FIG. 6 is a flow diagram of generating a compensation signal according to an embodiment of the disclosure.

FIG. 7 is a frequency response diagram of an original signal and a training signal of three respirator types according to an embodiment of the disclosure.

FIG. 8 is a frequency response diagram of a compensation signal of three respirator types according to an embodiment of the disclosure.

FIG. 9 is a frequency response diagram of a compensation signal of a basic respirator according to an embodiment of the disclosure.

FIG. 10 is a frequency response diagram of a compensation signal of a pattern respirator according to an embodiment of the disclosure.

FIG. 11 is a frequency response diagram of a compensation signal of a fit respirator according to an embodiment of the disclosure.

FIG. 12 is a flow diagram of an identification method according to an embodiment of the disclosure.

DESCRIPTION OF THE EMBODIMENTS

FIG. 1 is a component block diagram of a processing apparatus 10 of a sound signal according to an embodiment of the disclosure. Referring to FIG. 1, the processing apparatus 10 includes (but is not limited to) a memory 11 and a processor 12. The processing apparatus 10 may be a mobile phone, a tablet computer, a notebook computer, a desktop computer, an access control device, a voice assistant device, a smart home appliance, a wearable device, a vehicle-mounted device, or other electronic devices.

The memory 11 may be any type of a fixed or a removable random access memory (RAM), a read only memory (ROM), a flash memory, a hard disk drive (HDD), a solid state drive (SSD), or similar components. In an embodiment, the memory 11 is used to store a code, a software module, a configuration, data, or a file (e.g., a signal, a model, or a feature), which will be described in detail in subsequent embodiments.

The processor 12 is coupled to the memory 11. The processor 12 may be a central processing unit (CPU), a graphic processing unit (GPU), or other programmable general-purpose or special-purpose microprocessors, a digital signal processor (DSP), a programmable controller, a field programmable gate array (FPGA), an application-specific integrated circuit (ASIC), a neural network accelerator, or other similar components or a combination of the above components. In an embodiment, the processor 12 is used to execute all or part of the operations of the processing apparatus 10, and may load and execute various codes, software modules, files, and data stored in the memory 11. In some embodiments, part of the operations in the method of the embodiment of the disclosure may be implemented by different or the same processor 12.

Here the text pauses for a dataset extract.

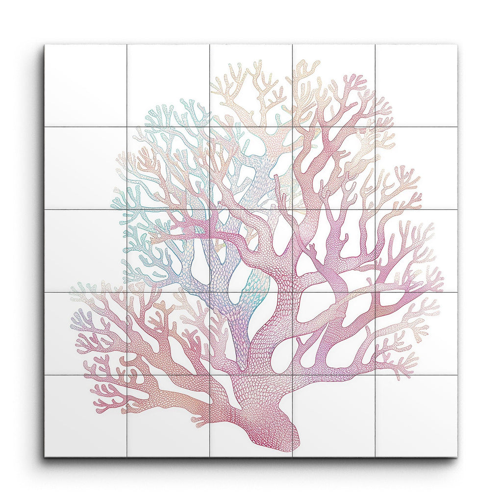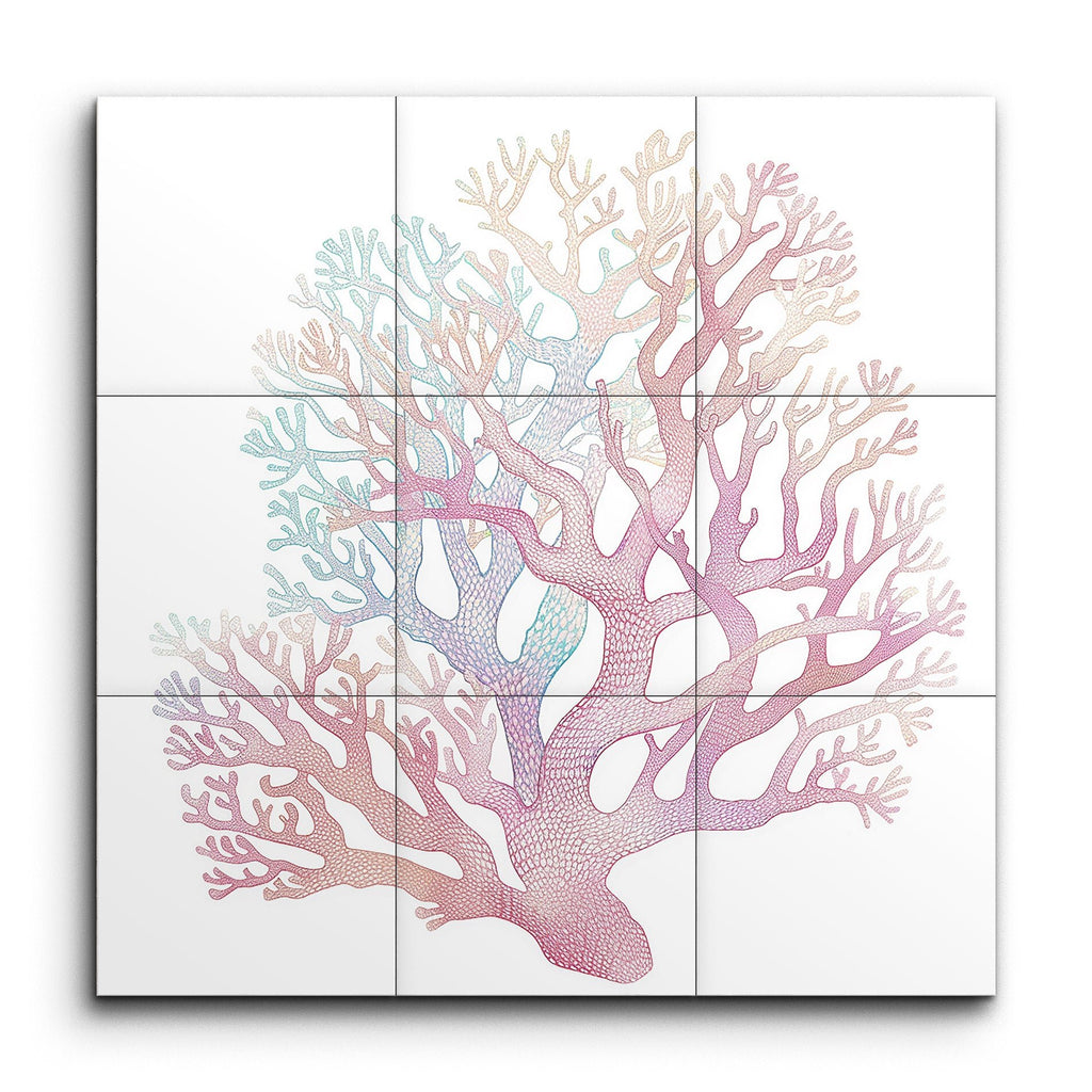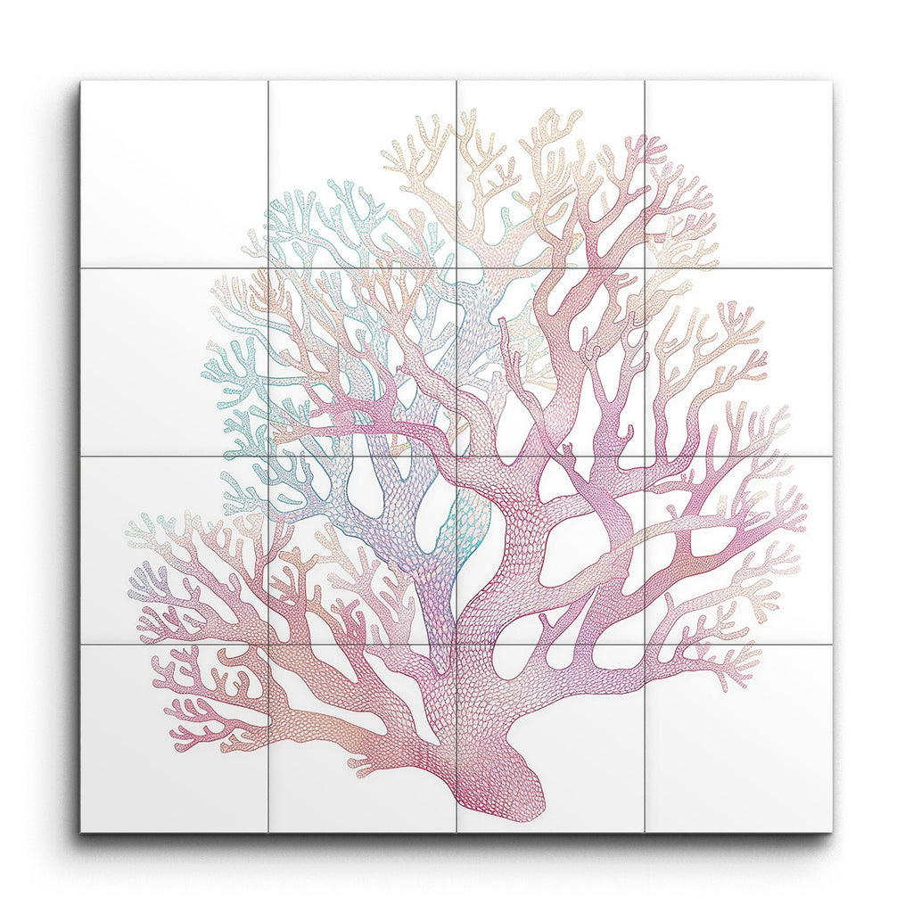 Transform your space with this captivating tile mural, featuring an intricate illustration of coral. Delicate branches extend from central stems in a tree-like structure, rendered in a soft gradient of pink, purple, and light blue. The minimalist design and fine lines create a harmonious, ethereal feel, enhanced by the use of negative space. This modern artwork combines natural beauty with contemporary elegance, making it a serene and visually stunning addition to any setting.

In an embodiment, the processing apparatus 10 further includes a microphone 13. The processor 12 is coupled to the microphone 13. For example, the microphone 13 is connected to the processing apparatus 10 through USB, Thunderbolt, Wi-Fi, Bluetooth, or other wired or wireless communication technologies. As another example, the processing apparatus 10 has the built-in microphone 13. The microphone 13 may be a type of microphone such as a dynamic microphone, a condenser microphone, or an electret condenser microphone. The microphone 13 may also be a combination of other electronic components, analog-to-digital converters, filters, and audio processors that may receive the sound wave (e.g., a human sound, an ambient sound, a machine operation sound) and convert them into the sound signal. In an embodiment, the microphone 13 is used to pick up/record the sound of the speaker, so as to obtain the sound signal.

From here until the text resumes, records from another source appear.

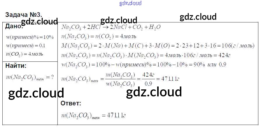 Ответ на задание задача №3 Учебник Химия за 9 (девятый) класс Рудзитис, Фельдман УМК 2016
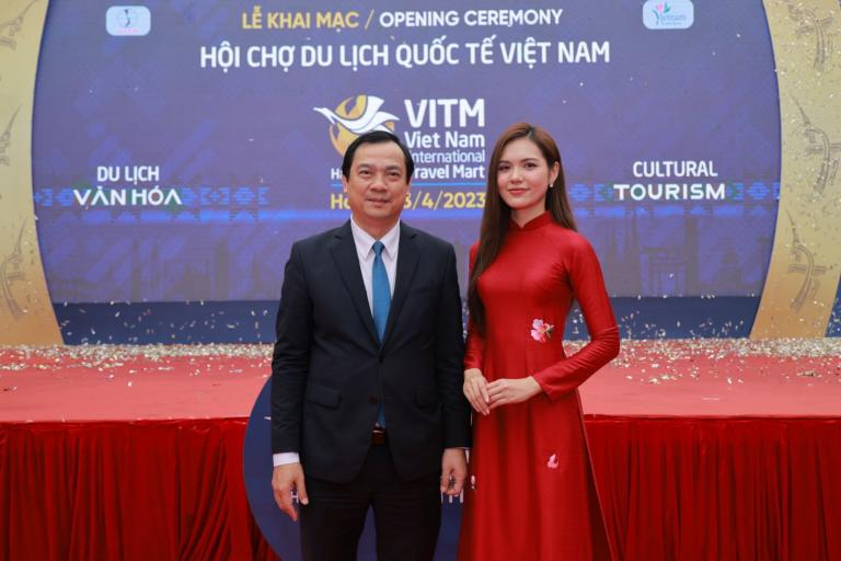| Tổng Cục trưởng Tổng Cục Du lịch Việt Nam Nguyễn Trùng Khánh cùng Hoa hậu Du lịch Việt Nam 2022 Lương Kỳ Duyên tại Hội chợ Du lịch Việt Nam 2023 |
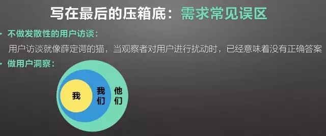 还有一个需求常见误区是不要做发散性用户访谈,用户访谈像薛定谔的猫,当观察者对用户进行扰动时,已经意味着没有正确答案。大家回头看一下薛定谔的猫的详细理论,在这里不赘述。用户层面也要做洞察,我是一个圈,我们之外还有一个圈,由于人性天然的排他性,我们会在潜意识中忽略掉非自己的同类——他们。对于广大用户来说,都是被你划在我们这个圈之外。
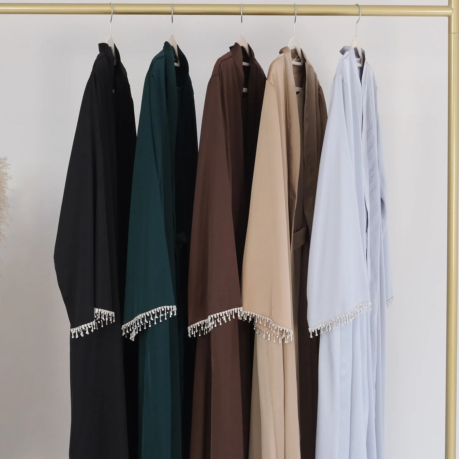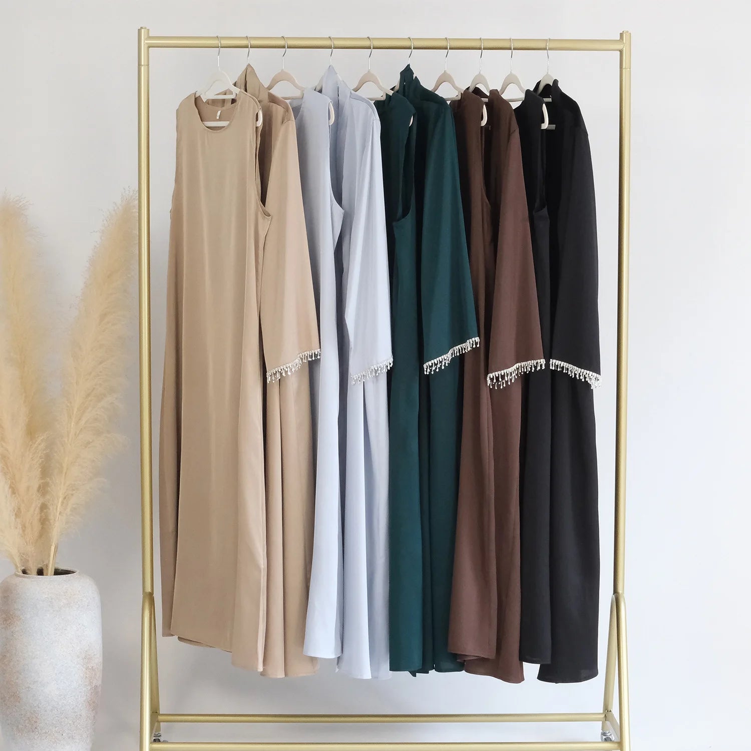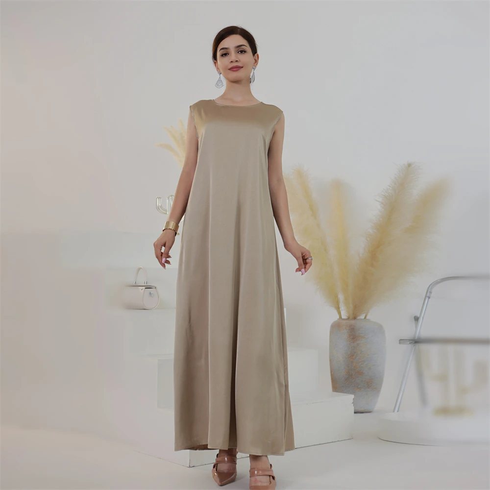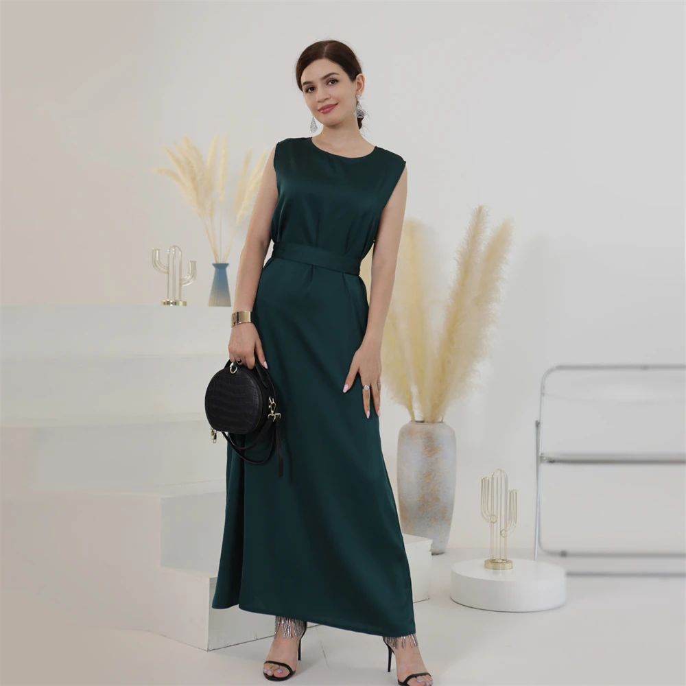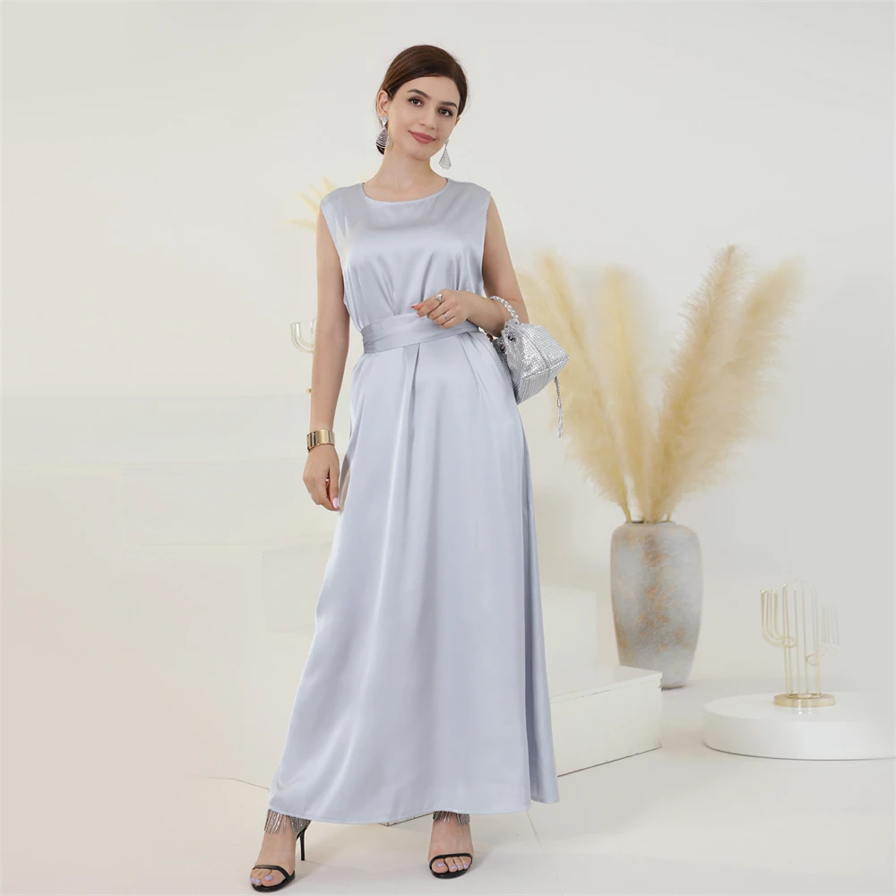 Eid Ramadan Satin Open Abaya Kimono 2 Piece Sets Muslim Women Dresses Turkey Arabic Kaftan Party Dubai Abayas Gown Outfit Caftan

In an embodiment, the processing apparatus 10 further includes an image capturing device 14. The processor 12 is coupled to the image capturing device 14. For example, the image capturing device 14 is connected to the processing apparatus 10 through USB, Thunderbolt, Wi-Fi, Bluetooth, or other wired or wireless communication technologies. As another example, the processing apparatus 10 has the built-in image capturing device 14. The image capturing device 14 may be a camera, a video camera, or a monitor, and captures the image within a specified field of view accordingly. In an embodiment, the image capturing device 14 is used for taking a picture or a video of the speaker.

Hereinafter, the method according to the embodiment of the disclosure will be described in conjunction with the various apparatuses, components, and modules in the processing apparatus 10. Each process of the method may be adjusted accordingly according to the situation of implementation, and is not limited hereto.

FIG. 2 is a flow diagram of a processing method of a sound signal according to an embodiment of the disclosure. Referring to FIG. 2, the processor 12 receives the sound signal (step S210). Specifically, the processor 12 may receive the sound wave through the microphone 13 and generate the sound signal accordingly. The sound signal may be a human sound signal, a mechanical sound signal, a synthetic sound signal, an ambient sound signal, or a sound signal from other sound sources. That is, the sound source may be a person, a machine, a speaker, or any object in the environment. As another example, the processor 12 may receive the sound signal from an external recording equipment through a communication transceiver (not shown).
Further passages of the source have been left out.